Photonic computing technology startup Lightmatter today detailed Passage, a “wafer-scale” programmable chip interconnect fabric that uses light to boost performance while reducing energy usage. Lightmatter says Passage, which allows arrays of heterogeneous chips — including processors, graphics cards, memory, and AI accelerators — to communicate with each other, operates at “unprecedented speeds” compared with existing solutions.
The technology underpinning Lightmatter’s platform — photonic integrated circuits — stems from a 2017 paper coauthored by Lightmatter CEO and MIT alumnus Nicholas Harris that described a novel way to perform machine learning workloads using optical interference. Such chips require only a limited amount of energy because light produces less heat than electricity. They also benefit from reduced latency and are less susceptible to changes in temperature, electromagnetic fields, and noise.
According to Lightmatter, Passage offers a fully reconfigurable connection topology between chips, ostensibly reducing the cost and complexity of building heterogeneous systems. The interconnect packs 40 switchable photonic lanes into a space that traditionally supports one optical fiber, enabling chip-to-chip speeds exceeding 1Tbps at a latency of 5 nanoseconds across an array of 48 chips. (Lightmatter says these measurements were achieved on hardware in its lab.) Today, most server processors communicate with each other via optical fibers at speeds of around 400Gbps.
Above: Lightmatter’s Passage interconnect enables high-speed chip-to-chip data transfers.
Harris notes that Passage is chip-agnostic, so customers could put AMD and Nvidia hardware on top of Passage and see a 100 times increase in compute performance. He also asserts that because Passage significantly reduces the energy needed to power processors and datacenters, it could theoretically power the entirety of Google Search in just one server rack.
“Lightmatter is leading a necessary paradigm shift in computer architecture needed to power the next giant leaps in compute technology while also reducing the negative impact on our planet of rapidly growing state-of-the-art, yet inefficient, compute and communications solutions,” said Harris. “Modern compute workloads call for system-level performance. With Passage, we’ve created a photonic rack-on-chip solution that enables ultra-high bandwidth interconnection between different kinds of chips while simultaneously reducing cost, complexity, and energy consumption and capable of supporting the future of computing.”
Lightmatter’s hardware, which is designed to be plugged into both standard servers and workstations, isn’t immune to the limitations of optical processing. Speedy photonic circuits require speedy memory, and then there’s the matter of packaging every component — including lasers, modulators, and optical combiners — onto tiny wafers.
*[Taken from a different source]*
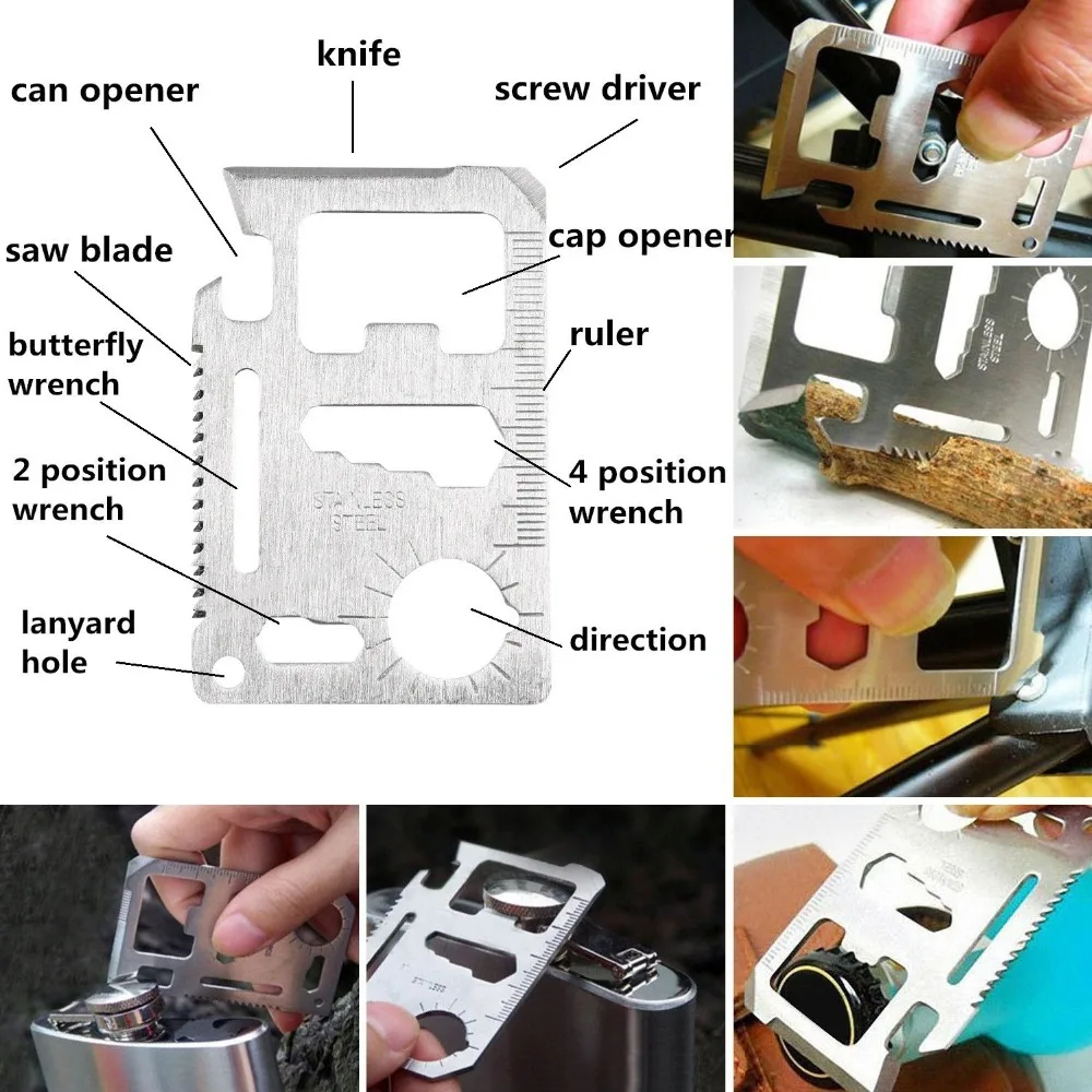 10. Нож для кредитных карт: Размер кредитной карты, легко помещается внутри кошелька, кармана. [11 функций] консервный нож, открывалка для бутылок, 4-позиционный ключ, дюймовый стандарт, 2-х позиционный Выключатель Ключ, дюймовый стандарт, барашковый винт ключ, дюймовый стандарт, направление, вспомогательные ключ, дюймовый стандарт.

That may be why companies like Intel and LightOn are pursuing hybrid approaches that combine silicon and optical circuits on the same die, such that parts of the model run optically and parts of it run electronically. These companies are not alone — startup Lightelligence has so far demonstrated the MNIST benchmark machine learning model, which uses computer vision to recognize handwritten digits, on its technology. And LightOn, Optalysis, and Fathom Computing, all vying for a slice of the budding optical chip market, have raised tens of millions in venture capital for their own chips.
Not to be outdone, Boston-based Lightmatter has raised a total of $33 million from GV (Alphabet’s venture arm), Spark Capital, and Matrix Partners, among other investors. Lightmatter says its current focus beyond hardware is ensuring the test chip works with popular AI software, including Google’s TensorFlow machine learning framework.